A agenda do candidato em Juiz de Fora acabou sendo cancelada por causa das condições climáticas.

Na representação apresentada ao TSE, os advogados de Flávio pedem que os perfis do investigado sejam suspensos até o fim das eleições. A defesa também solicita a aplicação de multa de R$ 30 mil, a remoção da publicação e de eventuais compartilhamentos.

Os advogados ainda pediram que a Meta preserve informações relacionadas aos perfis, incluindo dados de acesso, alcance das publicações e possíveis alterações no conteúdo.

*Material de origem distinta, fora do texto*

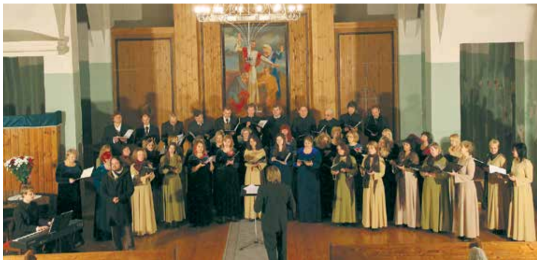
Novembrī skatītājus priecēja Garīgās mūzikas koncerti Jumpravas Sv.Jāņa ev.lut. baznīcā, Dzelmeš.

Caso o tribunal não determine a suspensão das contas, a defesa solicita que o investigado seja proibido de fazer novas publicações contra Flávio Bolsonaro, sob pena de multa diária em caso de descumprimento.

O caso também é investigado na esfera criminal. Em decisão de 15 de agosto, a Justiça de Minas Gerais autorizou a realização de busca e apreensão de aparelhos eletrônicos pertencentes ao investigado, além da quebra de sigilo telemático.

O homem prestou depoimento no mesmo dia. A Justiça também determinou que ele mantenha distância mínima de 500 metros de Flávio Bolsonaro, de sua residência, locais de trabalho e eventos de campanha.

Além disso, foi proibido qualquer tipo de contato com o candidato, seja pessoalmente, por telefone ou pelas redes sociais. Segundo a decisão judicial, o descumprimento das medidas pode levar à decretação de prisão preventiva.